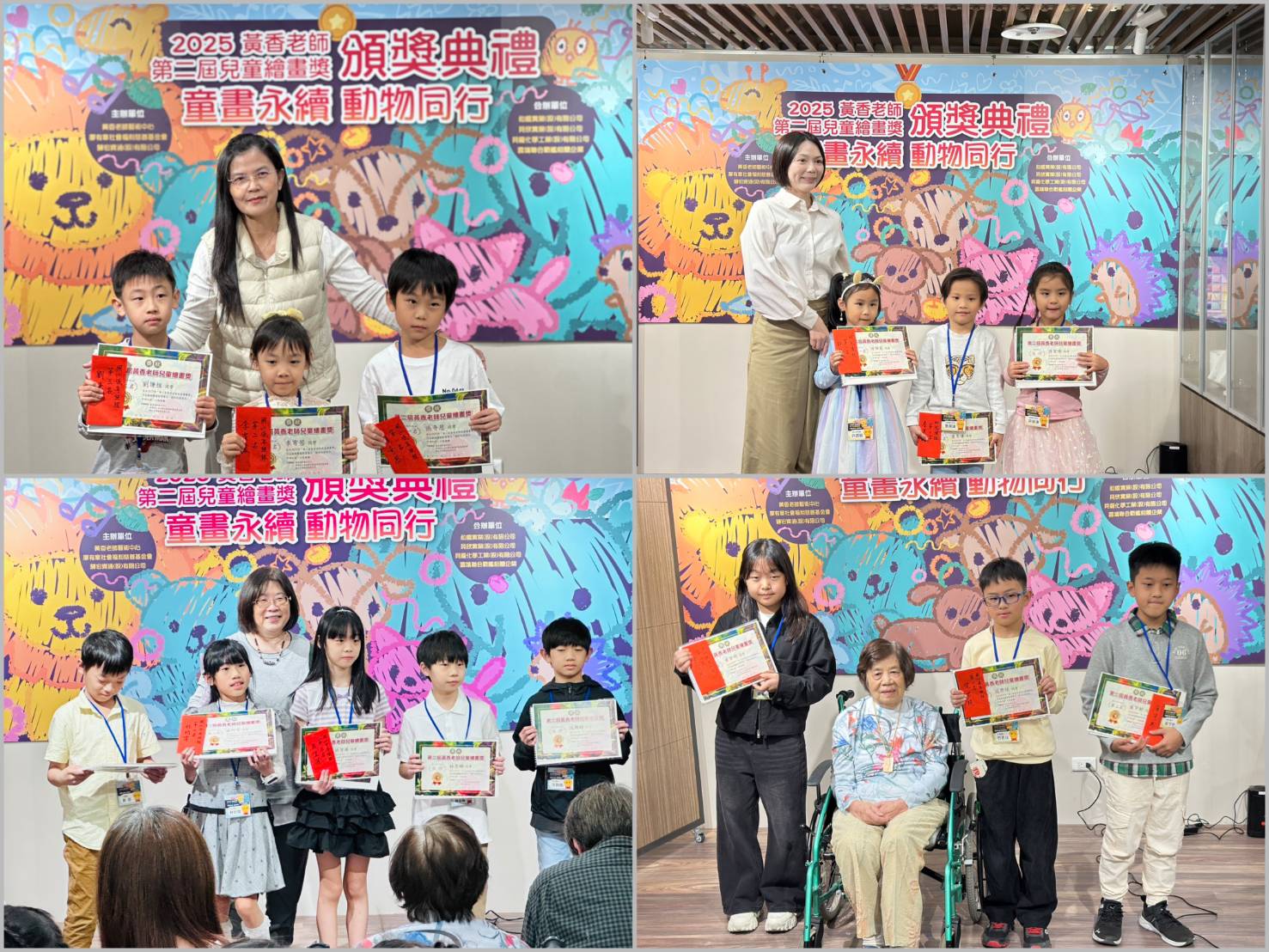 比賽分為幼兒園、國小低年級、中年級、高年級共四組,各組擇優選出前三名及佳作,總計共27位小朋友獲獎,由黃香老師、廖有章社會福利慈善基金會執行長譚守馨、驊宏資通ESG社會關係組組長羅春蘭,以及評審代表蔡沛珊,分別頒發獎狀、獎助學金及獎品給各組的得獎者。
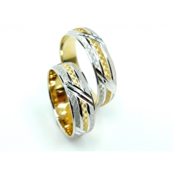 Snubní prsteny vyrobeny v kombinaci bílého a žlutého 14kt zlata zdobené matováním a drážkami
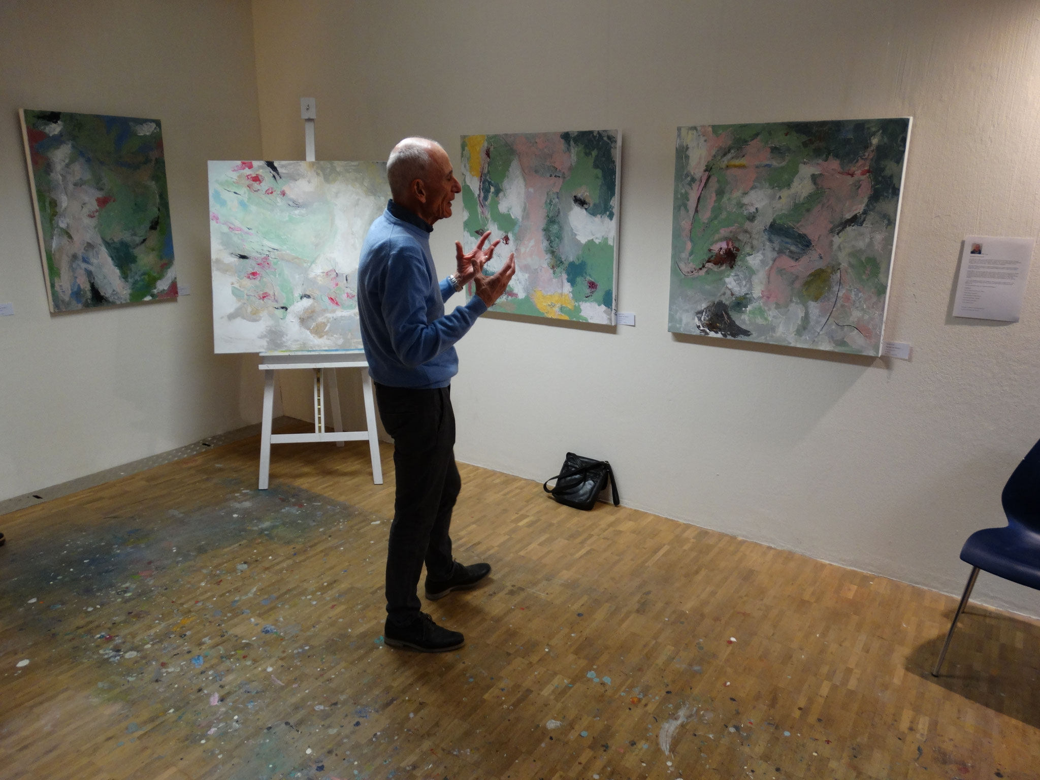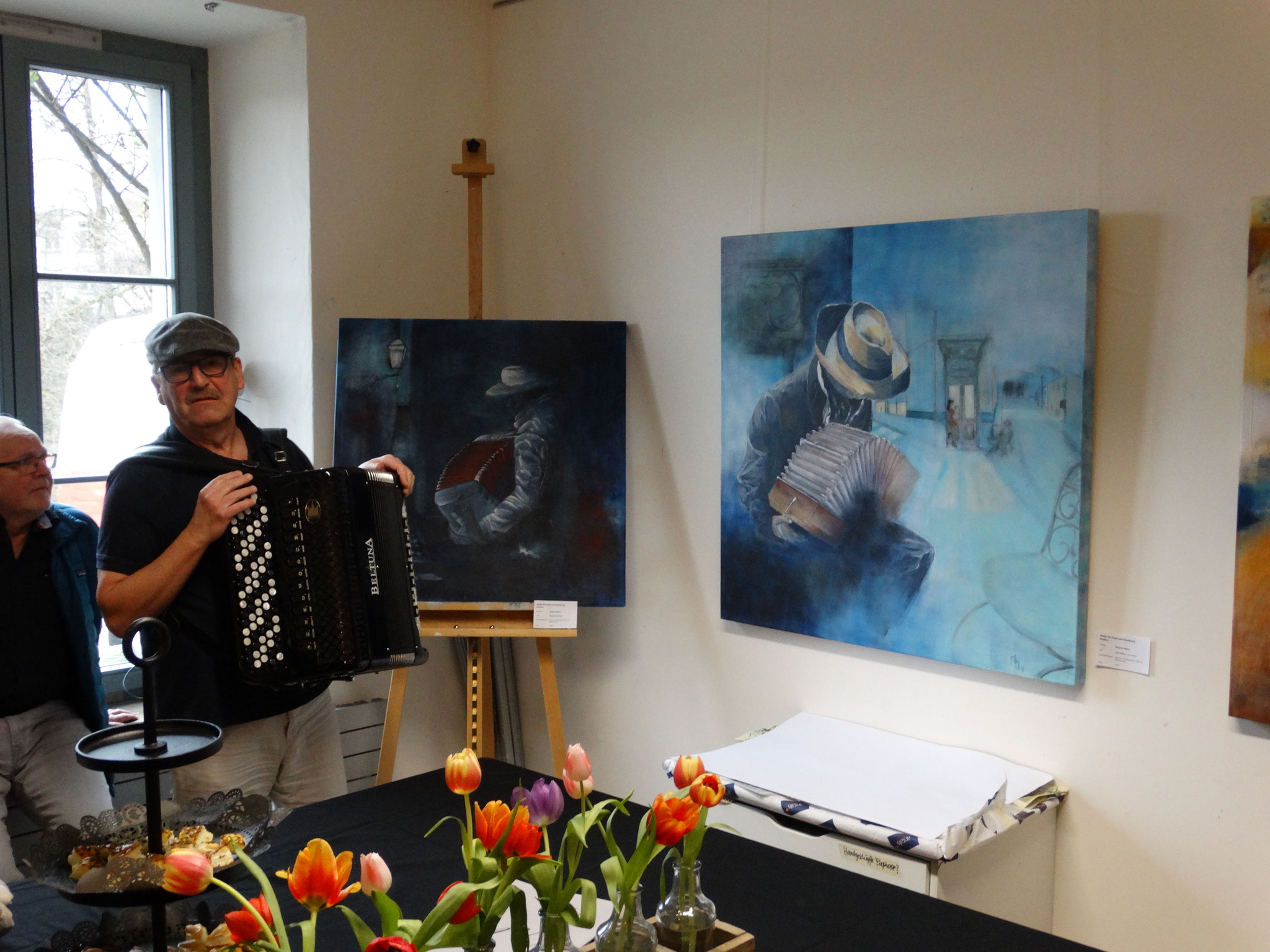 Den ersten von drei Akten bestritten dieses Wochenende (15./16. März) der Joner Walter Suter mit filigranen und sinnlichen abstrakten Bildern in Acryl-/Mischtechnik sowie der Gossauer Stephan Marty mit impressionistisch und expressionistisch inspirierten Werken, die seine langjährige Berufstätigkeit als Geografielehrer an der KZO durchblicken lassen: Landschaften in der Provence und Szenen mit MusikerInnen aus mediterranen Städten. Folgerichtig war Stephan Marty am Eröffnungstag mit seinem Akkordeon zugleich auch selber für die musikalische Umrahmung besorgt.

_TASK DIRECTIONS_. Return the full listing above exactly as written, and omit the pictures.

_REPLY_.
 比賽分為幼兒園、國小低年級、中年級、高年級共四組,各組擇優選出前三名及佳作,總計共27位小朋友獲獎,由黃香老師、廖有章社會福利慈善基金會執行長譚守馨、驊宏資通ESG社會關係組組長羅春蘭,以及評審代表蔡沛珊,分別頒發獎狀、獎助學金及獎品給各組的得獎者。
 Snubní prsteny vyrobeny v kombinaci bílého a žlutého 14kt zlata zdobené matováním a drážkami
 Den ersten von drei Akten bestritten dieses Wochenende (15./16. März) der Joner Walter Suter mit filigranen und sinnlichen abstrakten Bildern in Acryl-/Mischtechnik sowie der Gossauer Stephan Marty mit impressionistisch und expressionistisch inspirierten Werken, die seine langjährige Berufstätigkeit als Geografielehrer an der KZO durchblicken lassen: Landschaften in der Provence und Szenen mit MusikerInnen aus mediterranen Städten. Folgerichtig war Stephan Marty am Eröffnungstag mit seinem Akkordeon zugleich auch selber für die musikalische Umrahmung besorgt.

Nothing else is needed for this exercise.